TOGGLE: Temporal Logic-Guided Large Language Model Compression for Edge
This work addresses the deployment of LLMs on resource-constrained edge devices by providing a novel, verifiable compression method, though it is incremental in applying formal methods to a specific domain.
The paper tackles the problem of compressing large language models for edge deployment by proposing TOGGLE, a framework that uses Signal Temporal Logic to enforce linguistic properties during compression, achieving up to 3.3x reduction in computational costs and 68.8% reduction in model size while preserving specified constraints.

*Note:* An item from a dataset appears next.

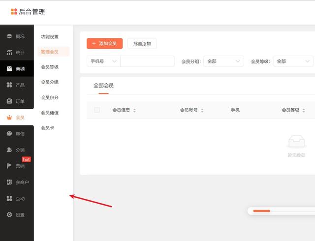 在后臺(tái)中,我們還可以使用會(huì)員系統(tǒng),設(shè)置會(huì)員等級(jí),這樣方便管理以及提供差異化服務(wù)方式,幫助商家提升會(huì)員忠誠(chéng)度,刺激低等級(jí)會(huì)員。

Large Language Models (LLMs) deliver exceptional performance across natural language tasks but demand substantial computational resources, limiting their deployment on resource-constrained edge devices. Existing compression techniques, such as quantization and pruning, often degrade critical linguistic properties and lack formal guarantees for preserving model behavior. We propose Temporal Logic-Guided Large Language Model Compression (TOGGLE), a novel framework that leverages Signal Temporal Logic (STL) to formally specify and enforce linguistic properties during compression. TOGGLE employs an STL robustness-guided Bayesian optimization to systematically explore layer-wise quantization and pruning configurations, generating compressed models that formally satisfy specified linguistic constraints without retraining or fine-tuning. Evaluating TOGGLE on four LLM architectures (GPT-2, DeepSeek-V2 7B, LLaMA 3 8B, and Mistral 7B), we achieve up to 3.3x reduction in computational costs (FLOPs) and up to a 68.8% reduction in model size while satisfying all linguistic properties. TOGGLE represents the first integration of formal methods into LLM compression, enabling efficient, verifiable deployment of LLMs on edge hardware.